Dataset records
——

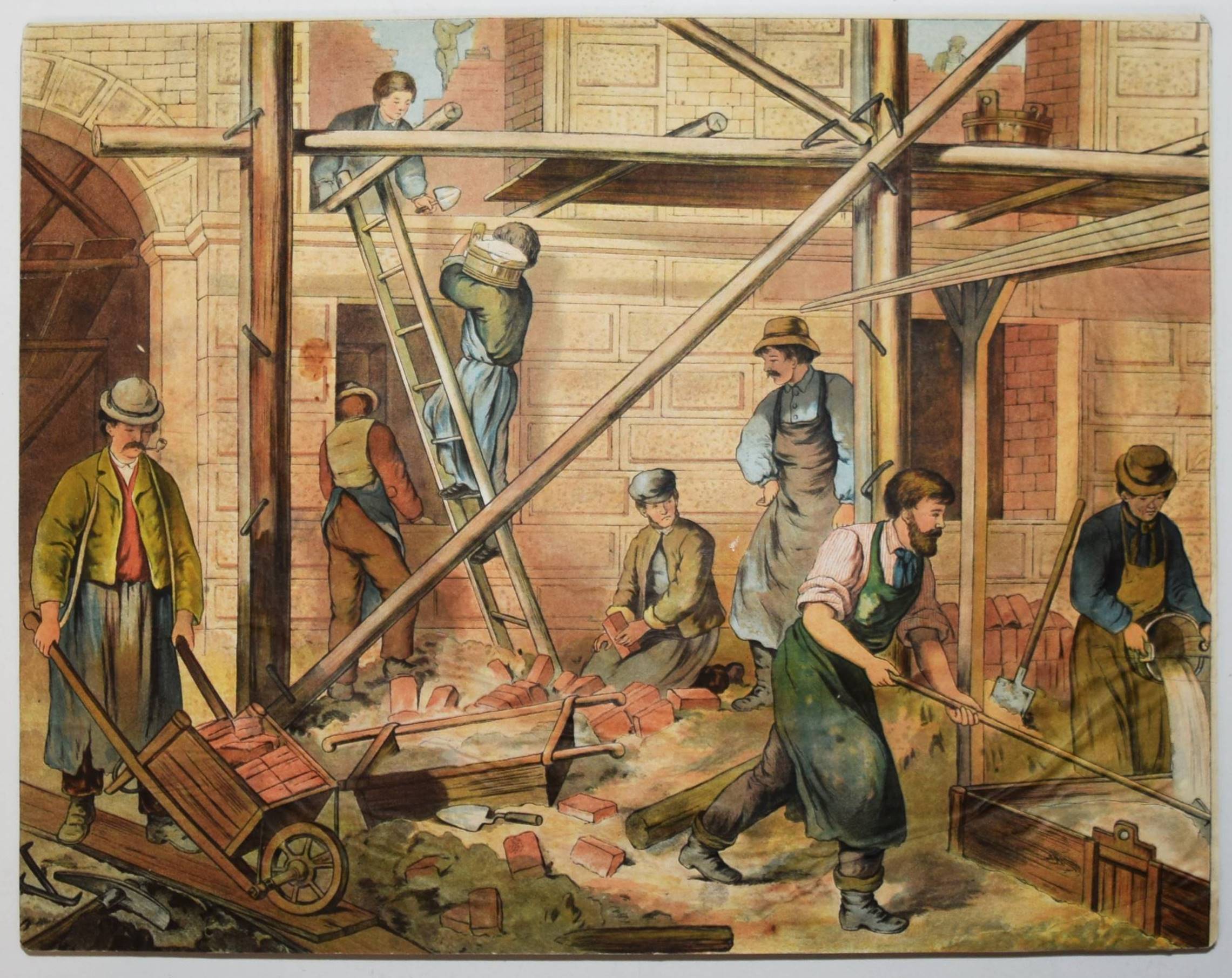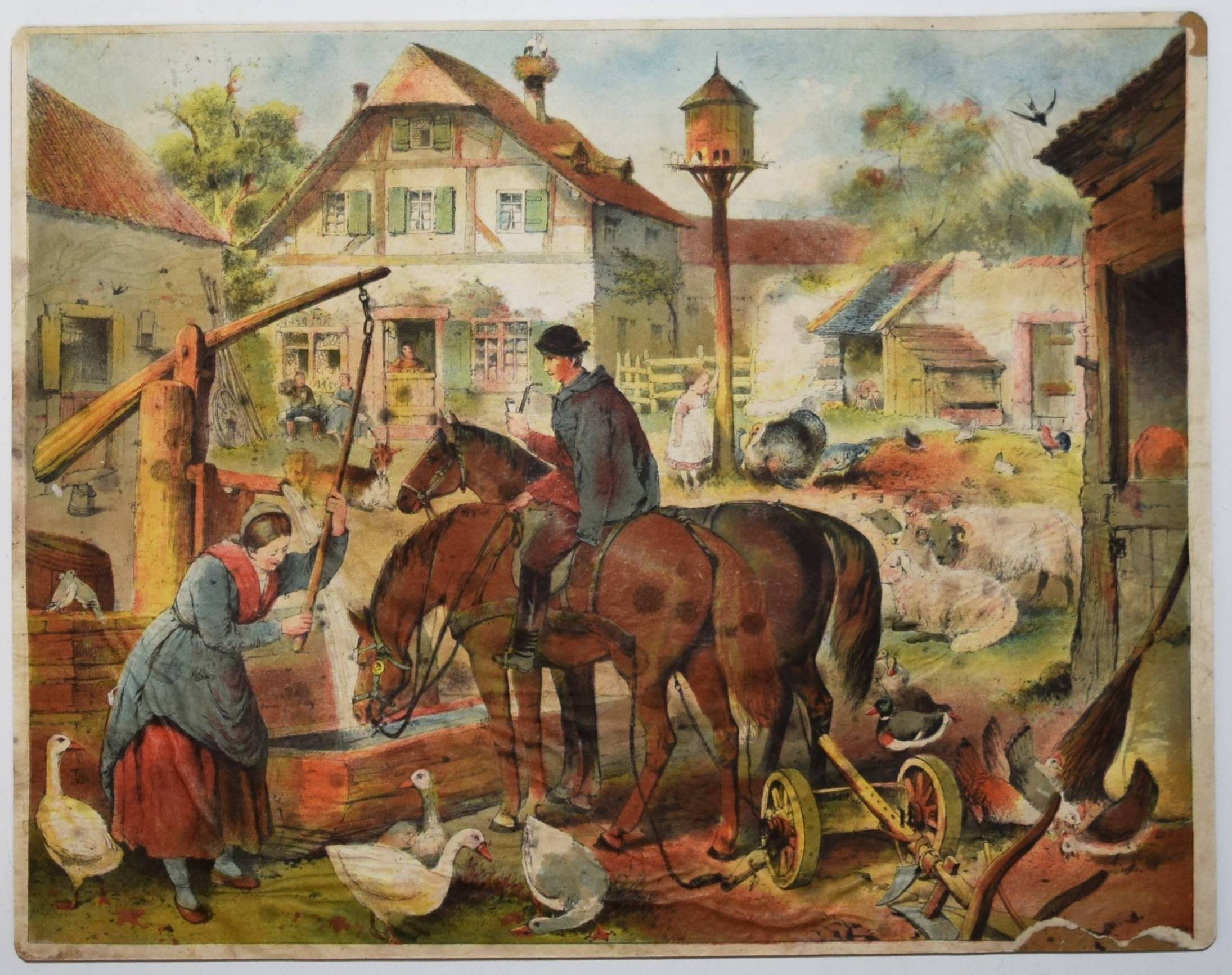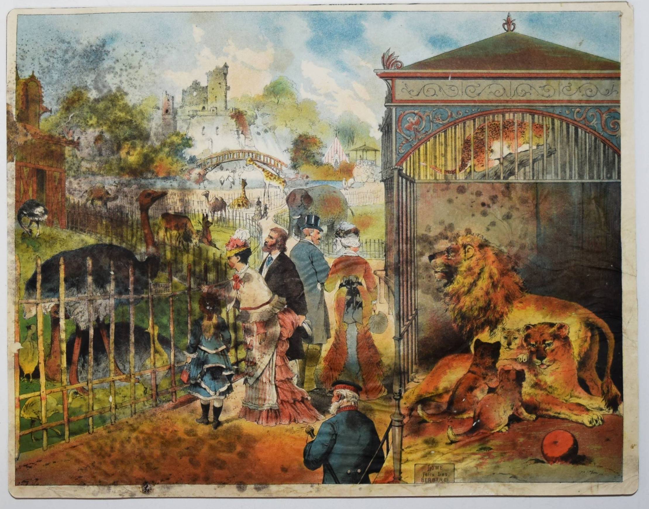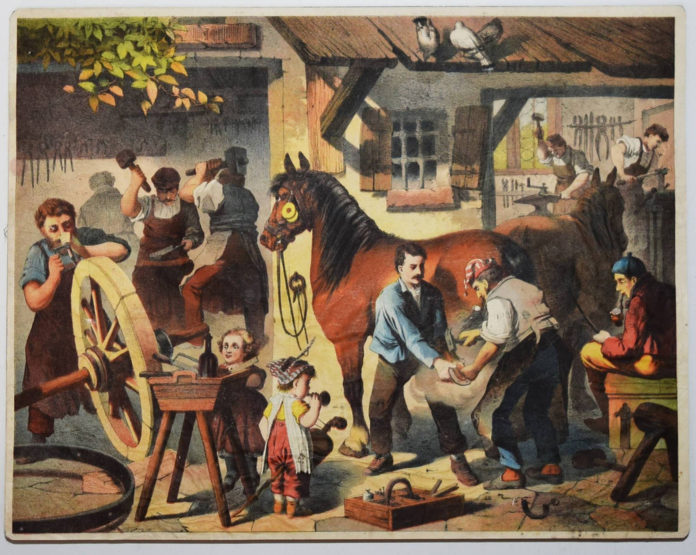 Bilderbogen, Anschauungs-Tafeln. Ohne, Ort, Druck und Jahr (um 1870). Quer-4° (28,5 x 36,5 cm.). 26 farblithographierte Tafeln, beidseitig auf Karton aufgezogen. Moderne Flügelmappe mit farblithgr. Deckelbild (Vögel). Dekorative farbig lithographierte Anschauungs-Bilder mit dreizehn Berufsdarstellungen (Maurer, Zimmermann, Landwirt, HufschmiedSchneider, Tischler etc.) und Kinderszenen (Besuch im Zoo und auf dem Jahrmarkt und Kinder beim Spielen) sowie Tiere. – 6 Tafeln sporfleckig, 1 Tafel (Maultier) am linken Rand mit Abriebstellen, sonst gut erhalten.
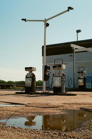 Old gas station on film
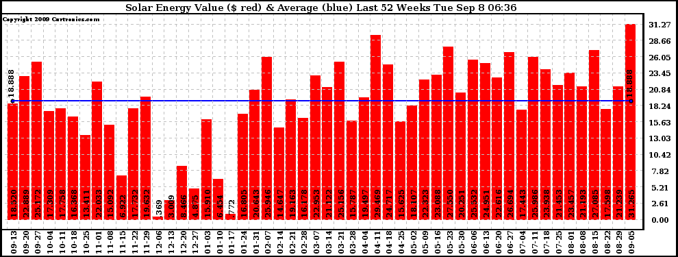 20090908 Weekly Solar Energy Production Value Last 52 Weeks
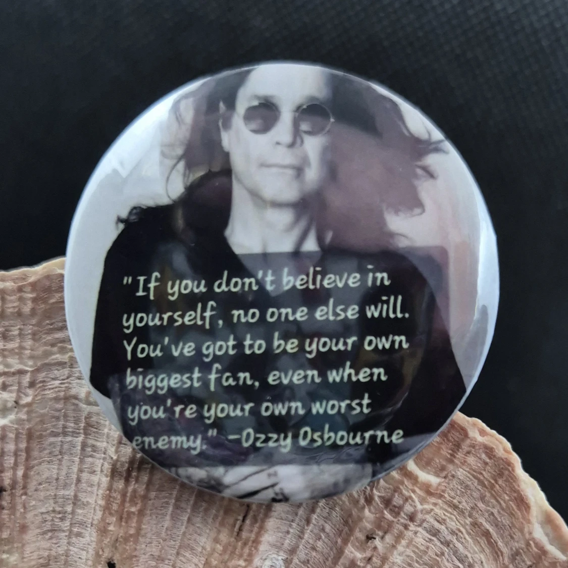 Den här pinsen med bild på Ozzy är ca 4.3 × 4.3 cm. Speglingar på pinsen kan synas på bilderna.
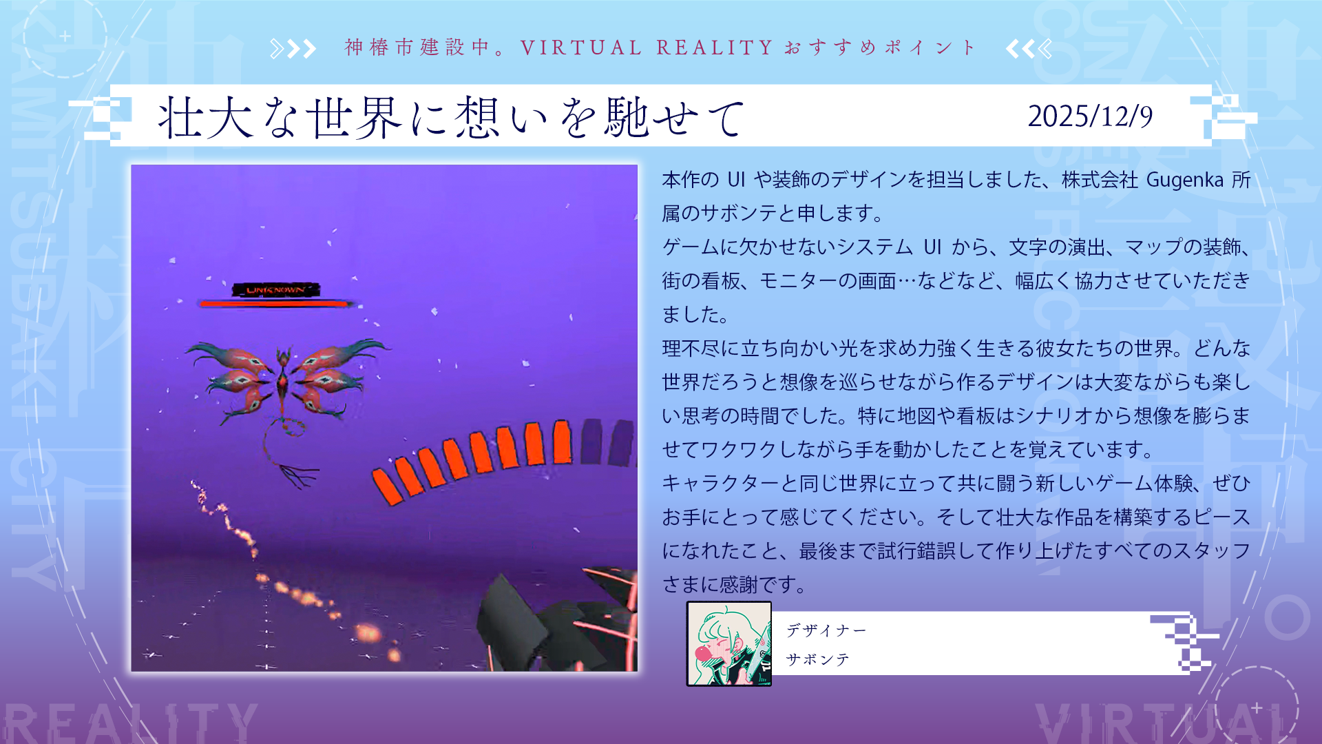 Gugenka所属 XRデザイナー。XRコンテンツの幅広いデザイン制作を手がける。Sanrio Virtual Festival 2023-2025 (World UI・Website) /涼宮ハルヒ「無敵的ハピネス」MV / 初音ミク 夜空プログラム(MV・Website・Goods) など
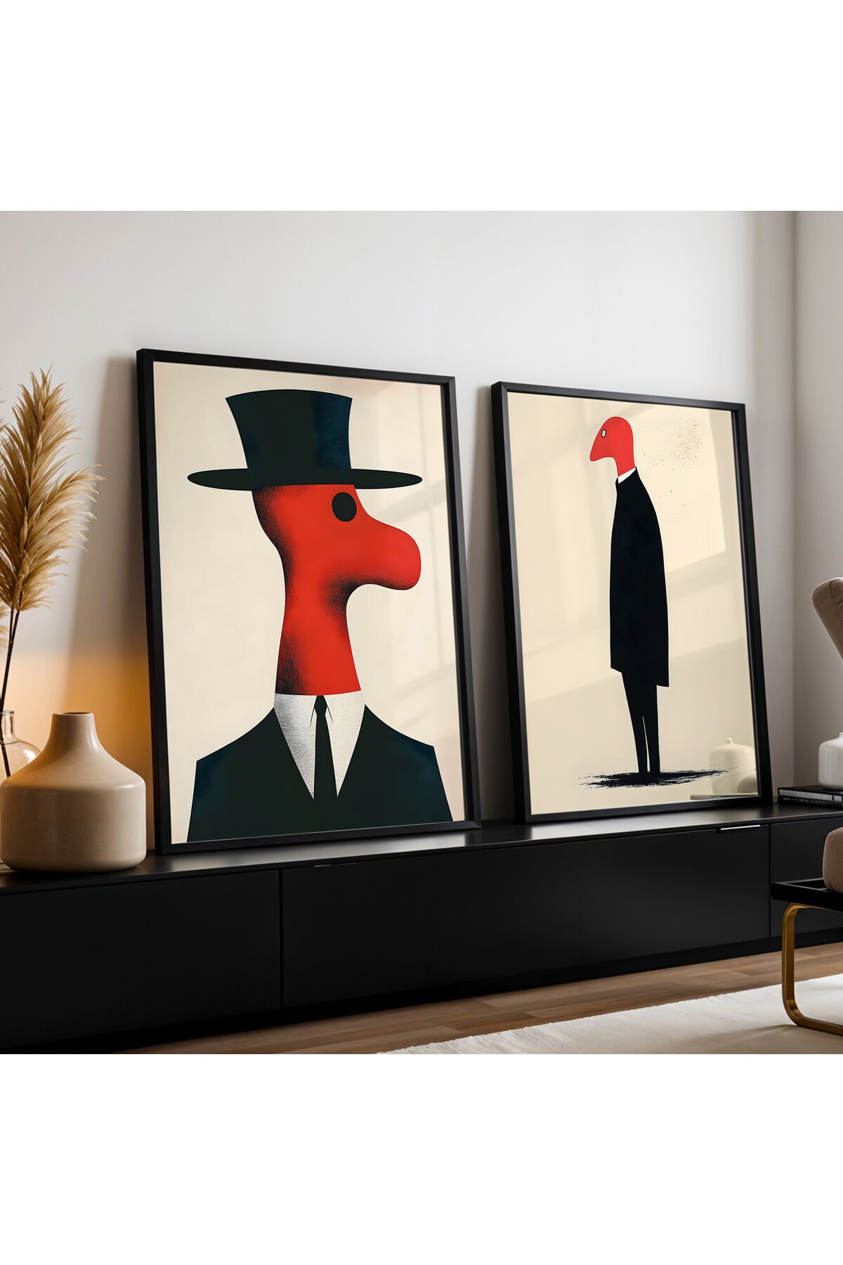 SİYAH - Abstract Figüratif Çizim İkili Doğal Ahşap Çerçeveli Duvar Tablo Seti

——

[ASSIGNMENT]: The lines to reproduce run from the one above containing "20090908 Weekly Solar" through the one containing "Den här pinsen". Copy them exactly and leave out all pictures.

[TASK RESULT]:
 20090908 Weekly Solar Energy Production Value Last 52 Weeks
 Den här pinsen med bild på Ozzy är ca 4.3 × 4.3 cm. Speglingar på pinsen kan synas på bilderna.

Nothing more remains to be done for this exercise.